An open organ pipe of length $l$ is sounded together with another open organ pipe of length $(l+l_1)$ in their fundamental modes. Speed of sound in air is $V$. The beat frequency heard will be $(l_1 \ll l)$

The fundamental frequency of a closed pipe is $220 \ Hz$. If $\frac{1}{4}$ of the pipe is filled with water,the frequency of the first overtone of the pipe now is ..... $Hz$.

The second overtone of an open organ pipe has the same frequency as the first overtone of a closed organ pipe $L$ metre long. The length of the open pipe will be:

In a resonance tube experiment,the first and second resonance are heard when the water level is $24.1 \ cm$ and $74.1 \ cm$ respectively,below the open end of the tube. The inner diameter of the tube is (in $cm$)
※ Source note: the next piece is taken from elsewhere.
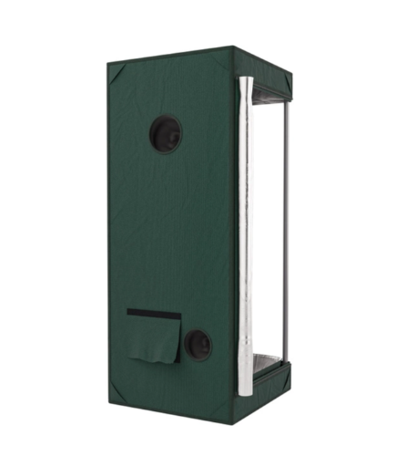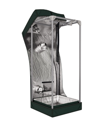 RoyalRoom® Classic 2.0 C50 to solidny namiot uprawowy dla 1–2 roślin, stworzony do stabilnego mikroklimatu w małej przestrzeni. Wersja Classic 2.0 wykorzystuje Mylar Diamond 600D z powłoką PET, dodatkową warstwą światłoszczelną i tłoczonym logo RR – zapewnia bardzo wysoką odbijalność światła, ogranicza przenikanie zapachów i jest łatwa w czyszczeniu (materiał nadaje się do prania). Stalowy stelaż 16 mm z wzmocnionymi łącznikami gwarantuje stabilność pod lampy LED i filtr węglowy, a okno podglądowe na rzep pozwala kontrolować rośliny bez utraty klimatu. Ściągacze przy otworach ułatwiają szczelny montaż kanałów.

$A$ closed organ pipe and an open organ pipe have the same length $L$. When they are vibrating simultaneously in their first overtone,they produce $3$ beats per second. If the length of the open pipe is reduced to $\frac{1}{3}$ of its original length and the length of the closed pipe is increased to $3$ times its original length,calculate the number of beats produced per second. (Neglect end correction)